— Data block —
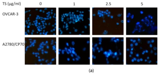Based on the method used in our team [,], briefly, OVCAR-3 and A2780/CP70 cells were seeded into 96-well plates at the density of 1.0 × 104/well and incubated for 16 h prior. Then cells were treated with different concentrations (0 to 5 µg/mL) of TS or RPMI-1640 without 10% FBS (as the control) for 24 h. Subsequently, cells were stained with 10 µg/mL Hoechst 33342 in PBS for 10 min at 37 °C in the dark. Cell apoptosis was detected under a fluorescence microscope (ZEISS, Oberkochen, Germany), and data were collected from three to five replicate experiments.
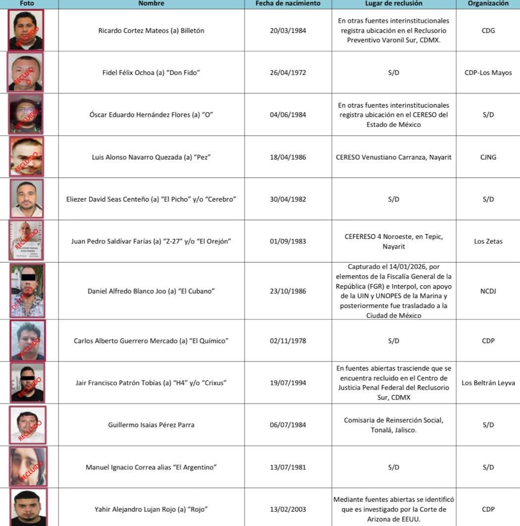 Según las autoridades, la operación incluye a fugitivos con antecedentes en cárteles históricos y violentos, que durante años han operado impunemente en México y Estados Unidos, controlando rutas de tráfico de drogas y armas, y organizando redes de lavado de dinero y secuestros.
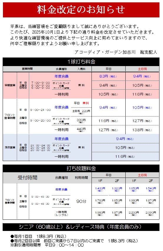 平素は、当練習場をご愛顧賜りまして誠にありがとうございます。

— Problem to work on —
Could you write out exactly the lines running from the one with "Según las autoridades, la" through the last line of the data above, both ends kept, and omit any picture?

— Result below —
 Según las autoridades, la operación incluye a fugitivos con antecedentes en cárteles históricos y violentos, que durante años han operado impunemente en México y Estados Unidos, controlando rutas de tráfico de drogas y armas, y organizando redes de lavado de dinero y secuestros.
 平素は、当練習場をご愛顧賜りまして誠にありがとうございます。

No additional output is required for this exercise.